AVX2, FMA, TSX in Haswell

SunRe

Member
Dec 16, 2012
51
0
0
Ok, so actually what is the performance gain once programs start taking advantage of the new instructions Haswell brings?

I am aware it's a broad question to ask, but let's say we limit ourselves to
- rendering
- image processing software (Photoshop)
- cryptography
- video encoding

Are there any resources, figures, on the web about it? I couldn't find much.

This is not purely academic, I am trying to figure out whether to take the jump to a second hand Ivy/Sandy Bridge or wait and buy a Haswell. And given the leaked performance delta up until now I'd go with Ivy so it's up to the new instructions sets.

Thanks!
 

Exophase

Diamond Member
Apr 19, 2012
4,439
9
81
AVX2 should help all of these things a fair amount, if properly coded for. FMA will be able to help at least the first two. The latter two are likely to be more integer-centric and probably unaffected by the FMA units.

There's a good writeup of the impact AVX2 optimizations has had so far on x264:

http://www.scribd.com/doc/137419114/Introduction-to-AVX2-optimizations-in-x264

The gains are pretty huge in a lot of the functions, but with the caveat that half the run-time is in other scalar-ish code that won't be improved by it, putting an upper bound that's probably under 50% improvement. Note this code-base involves a lot of hand-optimized assembly, the level of which most projects won't undertake. It remains to be seen how much compiler optimizations will leverage the improvements on their own.

I don't have a good idea of how much TSX will help with these tasks, if at all.. but I doubt you'll see a lot of this sort of code using it any time soon. Especially if it's not on some common higher end products.
 
Last edited:

ShintaiDK

Lifer
Apr 22, 2012
20,378
145
106
I dont think TSX will benefit these with anything at all, due to the scalable nature of those apps. But as said, specially AVX2 will be a great one. And that Haswell got 256bit paths to handle it full speed.
 

A5

Diamond Member
Jun 9, 2000
4,902
5
81
It's hard to throw out overall numbers. There are certain parts of the code that will benefit massively from this stuff, but it varies widely on how much of the program is that stuff.
 

mikk

Diamond Member
May 15, 2012
4,175
2,211
136
Around +10% is a realistic target for x264 AVX2 encoding according to some x264 devs.
 

Olikan

Platinum Member
Sep 23, 2011
2,023
275
126
I dont think TSX will benefit these with anything at all, due to the scalable nature of those apps. But as said, specially AVX2 will be a great one. And that Haswell got 256bit paths to handle it full speed.

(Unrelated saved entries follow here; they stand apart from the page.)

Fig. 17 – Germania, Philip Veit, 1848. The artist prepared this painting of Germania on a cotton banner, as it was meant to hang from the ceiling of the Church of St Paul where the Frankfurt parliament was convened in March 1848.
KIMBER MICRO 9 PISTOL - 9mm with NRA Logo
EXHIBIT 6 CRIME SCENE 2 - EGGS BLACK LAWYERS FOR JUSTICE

well, modern games are using 6-8 cores... and consoles will be using more than 6 all the time...
imo TSX will shine
 

psyq321

Junior Member
Jun 18, 2012
11
1
71
I managed to extract ~22% speedup clock-for-clock compared to Ivy Bridge generation using AVX2 (including usage of both FMA and Gather instructions)

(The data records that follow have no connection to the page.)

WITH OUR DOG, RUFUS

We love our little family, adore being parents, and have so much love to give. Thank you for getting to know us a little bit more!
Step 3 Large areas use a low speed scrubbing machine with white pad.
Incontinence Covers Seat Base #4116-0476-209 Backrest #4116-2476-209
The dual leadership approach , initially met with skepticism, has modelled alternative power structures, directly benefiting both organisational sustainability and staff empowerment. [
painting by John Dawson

Some benchmarks (neural network simulation) are available here:

http://www.digicortex.net/node/41 - Test #2 is relevant here

Please note that I did not have anything else than 3720QM (Retina Macbook Pro 15") to compare with 4770 (non-K), so despite making CPU frequency and DRAM speed equal, there is still LLC cache size difference (6 MB vs. 8 MB).

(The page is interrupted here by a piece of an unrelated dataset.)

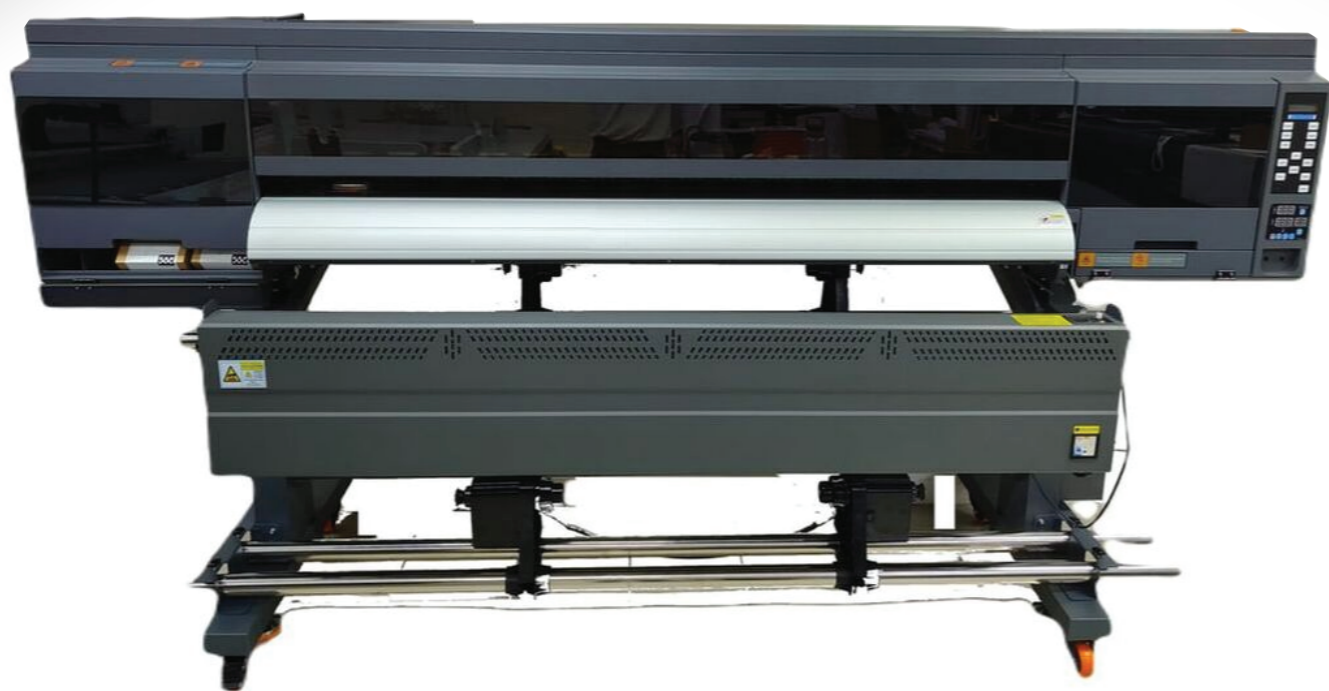
PreciousCore EPSON i3200(4)-A1

However, the benchmark is heavily memory bound so cache size should not matter too much. Despite the fact that the CPU spends most time waiting for data to arrive from DRAM memory, clock-for-clock gains are approx. 22%.

22% in these conditions is nothing short of impressive - I would say that Haswell delivers considerable gains when the software is able to use AVX2 features.
 

cytg111

Lifer
Mar 17, 2008
23,561
13,122
136
22% in these conditions is nothing short of impressive - I would say that Haswell delivers considerable gains when the software is able to use AVX2 features. .

- While 5-10% will be generic IPC gains it is still pretty amazing, and only the top of the iceberg. Nice! (especially the context of implementation.)
 

bronxzv

Senior member
Jun 13, 2011
460
0
71
22% in these conditions is nothing short of impressive - I would say that Haswell delivers considerable gains when the software is able to use AVX2 features.

are the baseline scores with AVX code on the Ivy Bridge setup ? or only SSEx code ?
 

grimpr

Golden Member
Aug 21, 2007
1,095
7
81
well, modern games are using 6-8 cores... and consoles will be using more than 6 all the time...
imo TSX will shine

Dont tell him about more cores than 4 and the benefits of TSX, look at this cpu. :biggrin:
 

psyq321

Junior Member
Jun 18, 2012
11
1
71
are the baseline scores with AVX code on the Ivy Bridge setup ? or only SSEx code ?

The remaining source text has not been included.